I need a recommendation for a book on AC and DC electric machines. I never took a course on AC and DC electric machines. I plan on taking the ECC in depth module so I will need to understand enough to pass the AM portion. My current job does not involve AC and DC electric machines and no one at work is very knowledgeable. This book will be only learning resource I will have. Any ideas?


----------



## Wolverine (Nov 11, 2006)

I can tell you *A* textbook to get for advanced study on machines but I'm not willing to go so far as to make a recommendation. This is from college and is pretty much the only detailed book I have on the subject which makes any recommendation slightly biased:

Fitzgeralds "Electric Machinery"

http://product.half.ebay.com/_W0QQtgZvidet...75430QQprZ28422

It does a decent job of explaining the what but when it gets deep into electromagnetic theory and calculations, it goes a little to deep for my pea-sized brain. I wouldn't recommend it as a sole source of knowledge on machines but it's okay for the fundamentals and worth picking up if you can get it cheap. Ironically, it's the one book I didn't bring to the test and there was a problem straight out of it on the exam. Can't tell you which one without violating my double top secret non-disclosure clause though.


----------



## Art (Nov 11, 2006)

contact Marathon, US Motors and Baldor, etc.

they have great technical stuff, it's free and might be good references for the test...
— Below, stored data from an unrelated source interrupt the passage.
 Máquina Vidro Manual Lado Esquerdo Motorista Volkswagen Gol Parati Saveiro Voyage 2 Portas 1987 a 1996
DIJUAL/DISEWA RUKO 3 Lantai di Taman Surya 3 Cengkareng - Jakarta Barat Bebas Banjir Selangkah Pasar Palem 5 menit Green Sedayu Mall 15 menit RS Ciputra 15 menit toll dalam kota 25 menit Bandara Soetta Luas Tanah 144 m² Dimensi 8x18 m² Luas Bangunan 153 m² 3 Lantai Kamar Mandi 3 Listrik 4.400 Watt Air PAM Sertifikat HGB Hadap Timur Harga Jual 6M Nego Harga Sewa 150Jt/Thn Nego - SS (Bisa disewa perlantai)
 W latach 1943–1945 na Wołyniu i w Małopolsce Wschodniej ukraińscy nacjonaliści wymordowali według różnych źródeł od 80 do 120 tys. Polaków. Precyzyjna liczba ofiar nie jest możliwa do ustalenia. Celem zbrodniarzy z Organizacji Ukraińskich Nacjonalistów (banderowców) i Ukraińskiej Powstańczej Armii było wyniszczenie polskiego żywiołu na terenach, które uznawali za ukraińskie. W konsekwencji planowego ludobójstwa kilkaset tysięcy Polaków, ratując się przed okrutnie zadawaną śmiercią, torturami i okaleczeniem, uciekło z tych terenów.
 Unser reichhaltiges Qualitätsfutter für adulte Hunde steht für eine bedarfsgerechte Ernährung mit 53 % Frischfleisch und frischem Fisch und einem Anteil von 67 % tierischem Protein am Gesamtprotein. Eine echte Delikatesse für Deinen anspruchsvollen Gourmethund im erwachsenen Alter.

the theory is pretty straightforward, the application is tricky

another source would be any good Electrical Engineering Handbook...
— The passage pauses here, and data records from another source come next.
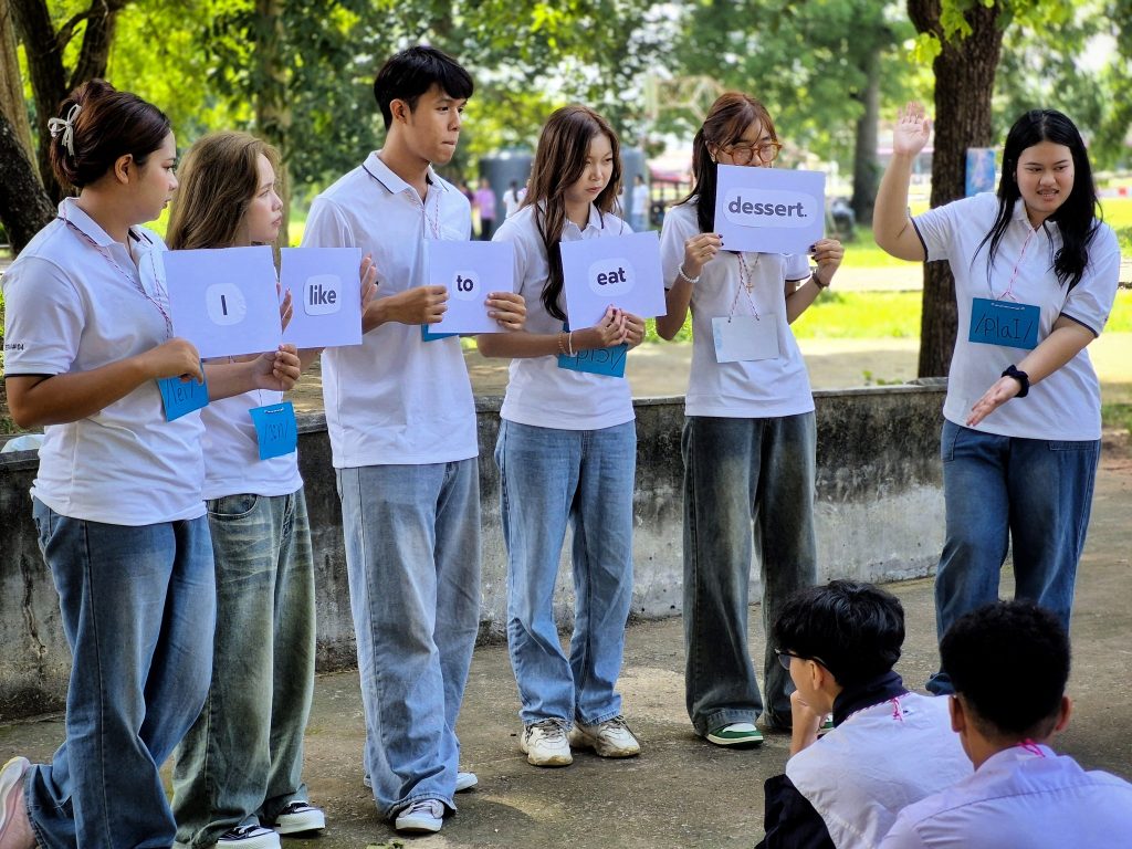 วันศุกร์ที่ 1 สิงหาคม พ.ศ. 2568 คณาจารย์และนักศึกษาชั้นปีที่ 3 สาขาวิชาภาษาอังกฤษเพื่อการจัดการทางธุรกิจ ได้เข้าร่วมโครงการบริการวิชาการคณะครุศาสตร์อุตสาหกรรม ประจำปีการศึกษา 2568 (กิจกรรมส่งเสริมทักษะการออกเสียงภาษาอังกฤษ) ณ โรงเรียนโคกสีพิทยาสรรพ์ อำเภอเมือง จังหวัดขอนแก่น โดยมีวัตถุประสงค์เพื่อให้ความรู้ความเข้าใจเกี่ยวกับการใช้ภาษา การออกเสียงคำศัพท์อย่างถูกต้อง และเสริมสร้างเจตคติที่ดีต่อการเรียนภาษาอังกฤษ
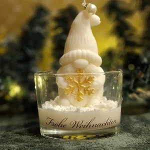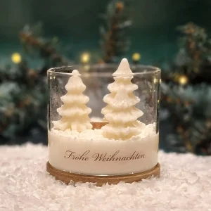 Die Kerze befindet sich in einem eleganten Glas mit Deckel. Die Oberfläche ist mit einem dekorativen Wachsornament in Form einer Honigwabe verziert, was den Charakter des Duftes stilvoll unterstreicht.
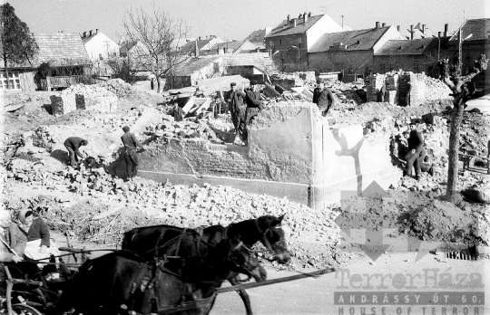 utcakép bontás tégla ló szekér svájcisapka Szekszárd Tolna megye Magyarország 1976 Bakó JenőFotó részletei
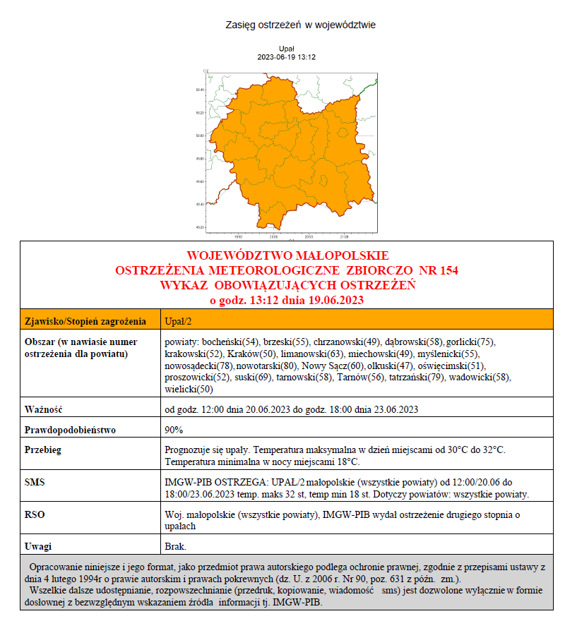 Województwo małopolskie wszystkie powiaty. Prognozuje się upały. Temperatura maksymalna w dzień miejscami od 30°C do 32°C. Temperatura minimalna w nocy miejscami 18°C.
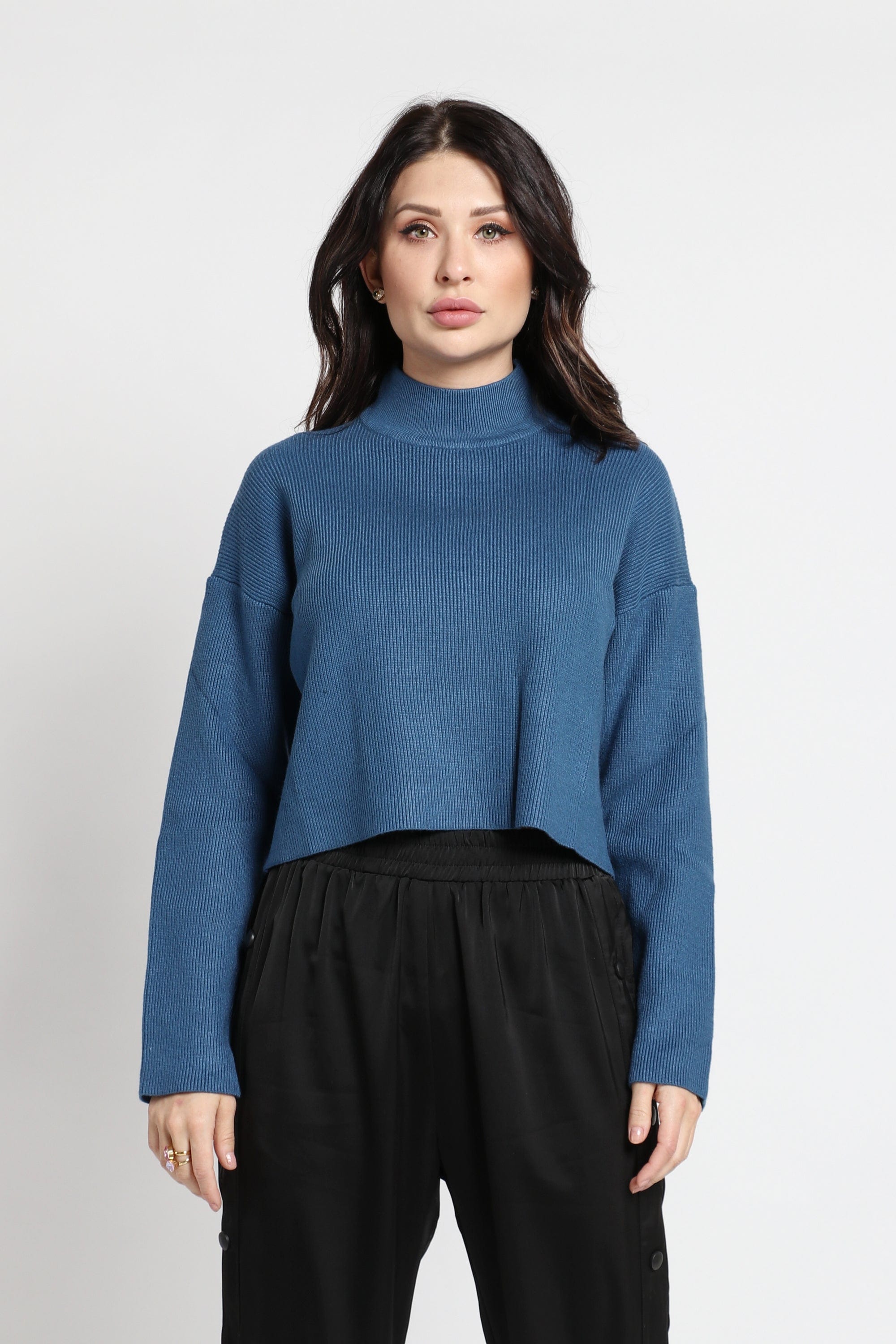 بلوفر أوفر سايز كروب بكم طويل وياقة عالية نسائي
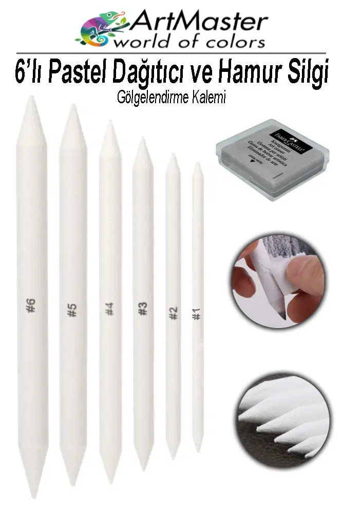 Ürün Adı: Artmaster Gölgelendirme Kalemi Pastel Dağıtıcı 6 Lı 1 Paket Ve 1 Adet Hamur Silgi Kalemi Kara Kalem Dağıtıcı Kalem Kaynaştırma
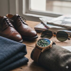 ニットやツイードジャケットとの相性も抜群で、「わかる人にはわかる」大人の余裕を演出できますよ。
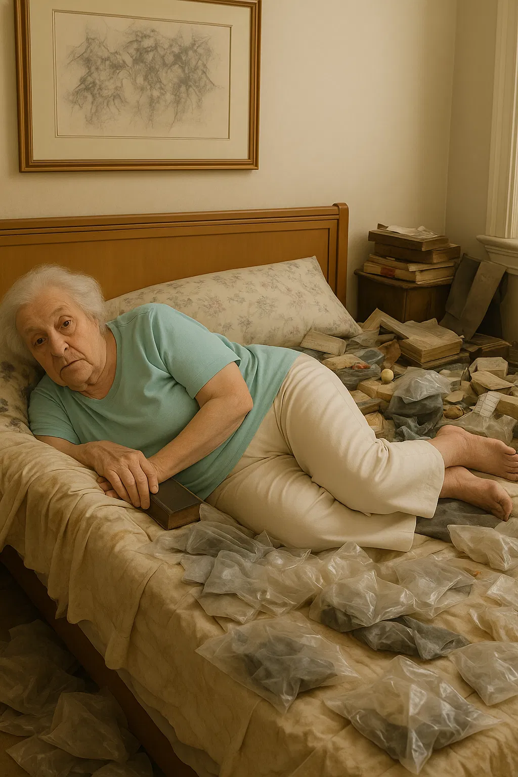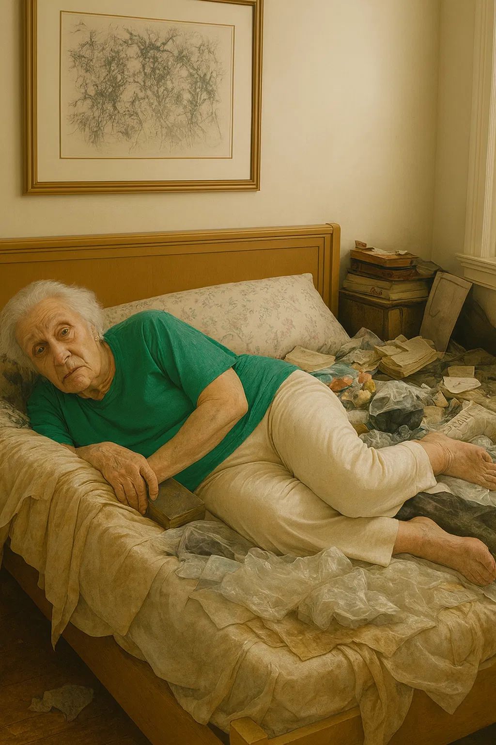 Mom was lying on the bed, covered with old rags. She wore a faded green T-shirt that once fit her well but now hung loosely. Her face was sunken, her hair completely gray, her skin aged—as if ten years had been added in one day. Chaos surrounded the bed: bags, dirty clothes, empty medicine boxes, papers, garbage. The smell was suffocating—a mix of mold, medicine, and a long-neglected room.

I have one by Fink &amp; Beaty


----------



## Dark Knight (Nov 21, 2006)

Hello there,

For the AM part of the test I would not be too worried. Just review some basic concepts: % slip, synchronic speed, and how to calculate the number of poles/ Almost all these things are formulas and for the morning, as far as I can tell is mostly plug and play.

Let me know if need something else my friend...

;guns; ;guns; ;guns; ;guns; ;guns; ;guns; ;guns; ;guns; ;guns; ;guns;


----------



## Fudgey (Nov 22, 2006)

Here's a book you might find helpful.


----------



## benbo (Nov 22, 2006)

In addition to what Luis said you're probably going to have to do some simple VAR, VA, power factor correction type calculations. Look at the NCEES practice exam. Variations on this.


----------



## Frontier05 (Dec 19, 2006)

> I need a recommendation for a book on AC and DC electric machines. I never took a course on AC and DC electric machines. I plan on taking the ECC in depth module so I will need to understand enough to pass the AM portion. My current job does not involve AC and DC electric machines and no one at work is very knowledgeable. This book will be only learning resource I will have. Any ideas?


Not sure if you already have the "the other board" EERM, but it would help doing the handful of problems they have in the seperate book. I personally think the EERM needs some serious work in the motor area, but the basics can still be picked up. It's a good reference, but not a sole reference for me.

The schaums outlines helped me quite a bit for basics and more in depth. Electric machines and electromechanics

I also have "Foundations of Electric Power" by J.R Cogdell - I took a college motor class last year and this was the book used. It is written pretty good and easy to follow.

I think a lot of colleges use this book now.


----------